### SUPPLIED INFORMATION

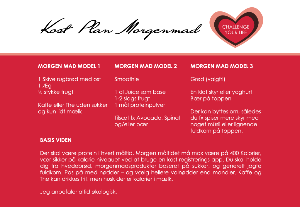 En kostplan som serveres overfor mange forskellige mennesker, vil være meget generel – og det er denne også. Men jeg er alligevel lykkes med at frembringe en model, hvor du kan bruge denne som et fundament, og lave tilretninger som passer til dig og din smag. Du kan tage til og trække fra, så længe du holder ding indenfor kalorie niveauet.
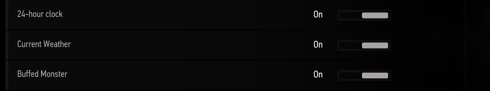 Помимо этого, теперь есть настройка формата времени (12 или 24 ч.) и включение/отключение индикатора погоды и усиленных монстров. По словам Tinnaib, модификация поддерживает все официальные локализации.
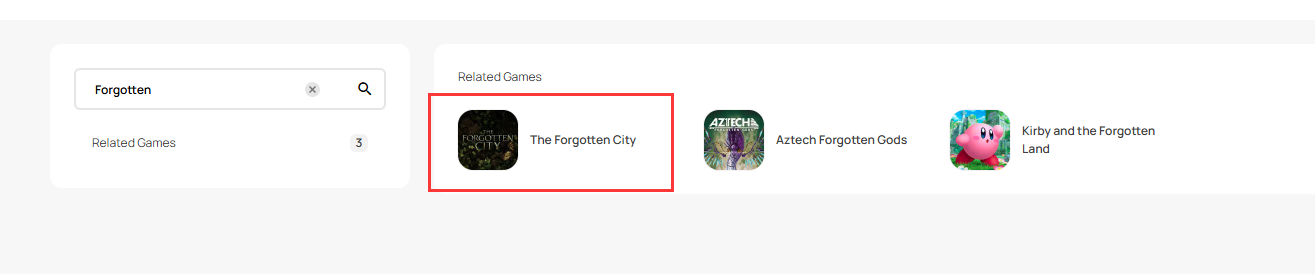 Step 1: Log in/register an account in SEAGM. On the top menu, enter the keywords "Forgotten" and search. Select "The Forgotten City".

######

■ PROBLEM REQUIREMENTS
The lines to copy run from the line containing "Помимо этого, теперь" through the end of the data above; copy exactly those, minus the pictures.

■ OUTPUT OF THE EXERCISE
 Помимо этого, теперь есть настройка формата времени (12 или 24 ч.) и включение/отключение индикатора погоды и усиленных монстров. По словам Tinnaib, модификация поддерживает все официальные локализации.
 Step 1: Log in/register an account in SEAGM. On the top menu, enter the keywords "Forgotten" and search. Select "The Forgotten City".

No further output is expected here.